# Given data:
* * * * * * * * *
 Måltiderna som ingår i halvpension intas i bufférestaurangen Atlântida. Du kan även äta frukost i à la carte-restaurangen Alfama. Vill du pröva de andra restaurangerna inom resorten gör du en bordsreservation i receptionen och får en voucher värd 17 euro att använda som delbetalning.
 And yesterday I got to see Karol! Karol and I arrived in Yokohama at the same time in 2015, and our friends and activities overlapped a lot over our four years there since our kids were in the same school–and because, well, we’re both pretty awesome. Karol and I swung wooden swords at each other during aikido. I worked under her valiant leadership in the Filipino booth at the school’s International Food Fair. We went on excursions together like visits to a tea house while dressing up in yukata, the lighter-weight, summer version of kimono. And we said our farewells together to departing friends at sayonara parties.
* * * * * * * * *
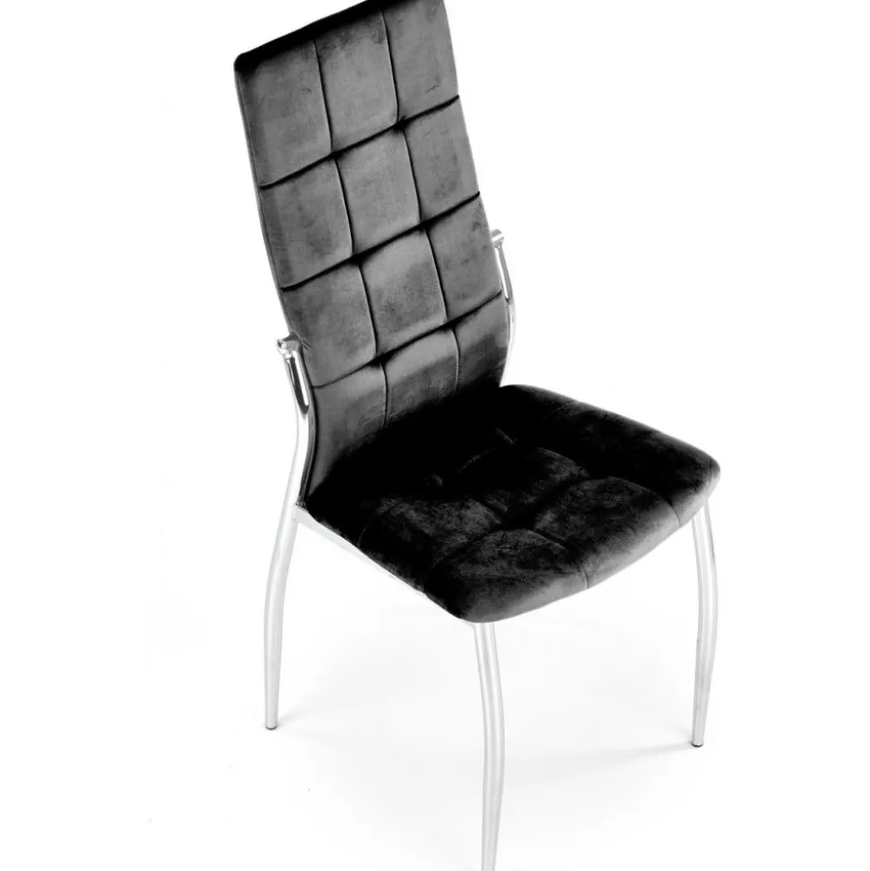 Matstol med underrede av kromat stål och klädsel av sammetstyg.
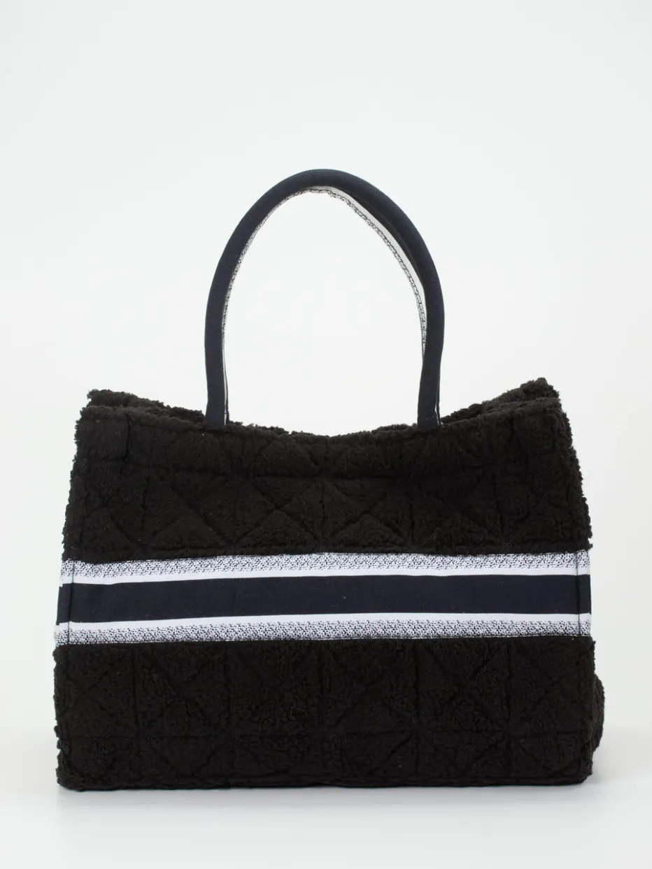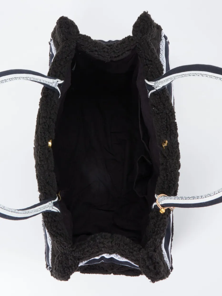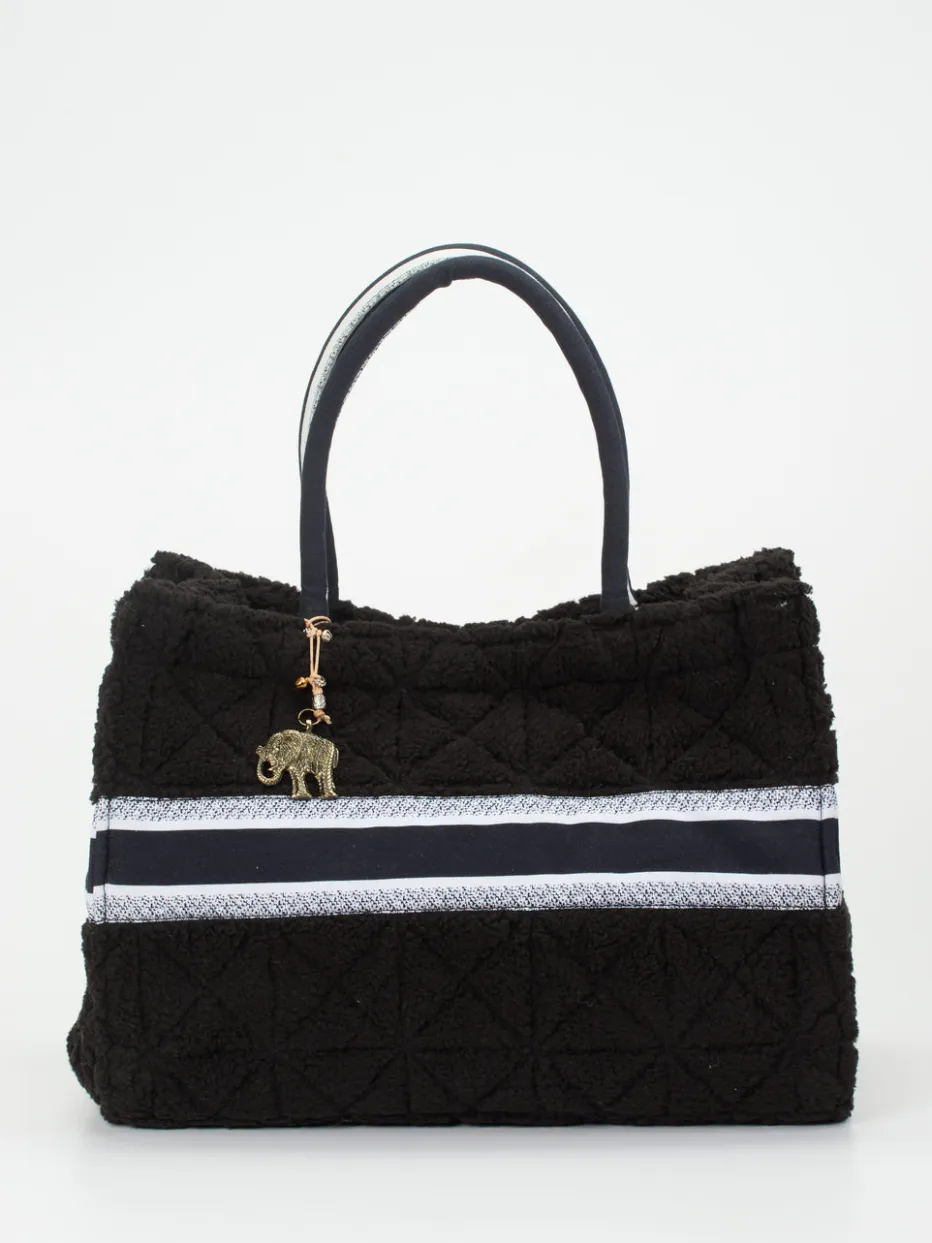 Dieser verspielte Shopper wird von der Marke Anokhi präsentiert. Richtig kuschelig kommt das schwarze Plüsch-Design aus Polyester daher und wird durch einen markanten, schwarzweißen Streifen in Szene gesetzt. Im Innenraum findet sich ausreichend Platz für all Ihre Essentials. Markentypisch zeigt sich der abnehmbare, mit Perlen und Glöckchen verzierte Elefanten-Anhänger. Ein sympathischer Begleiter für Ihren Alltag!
* * * * * * * * *
# Assignment:
Look above for the line containing "Matstol med underrede" and the line containing "Dieser verspielte Shopper", then reproduce both and everything between them exactly, pictures omitted.

# Result:
 Matstol med underrede av kromat stål och klädsel av sammetstyg.
 Dieser verspielte Shopper wird von der Marke Anokhi präsentiert. Richtig kuschelig kommt das schwarze Plüsch-Design aus Polyester daher und wird durch einen markanten, schwarzweißen Streifen in Szene gesetzt. Im Innenraum findet sich ausreichend Platz für all Ihre Essentials. Markentypisch zeigt sich der abnehmbare, mit Perlen und Glöckchen verzierte Elefanten-Anhänger. Ein sympathischer Begleiter für Ihren Alltag!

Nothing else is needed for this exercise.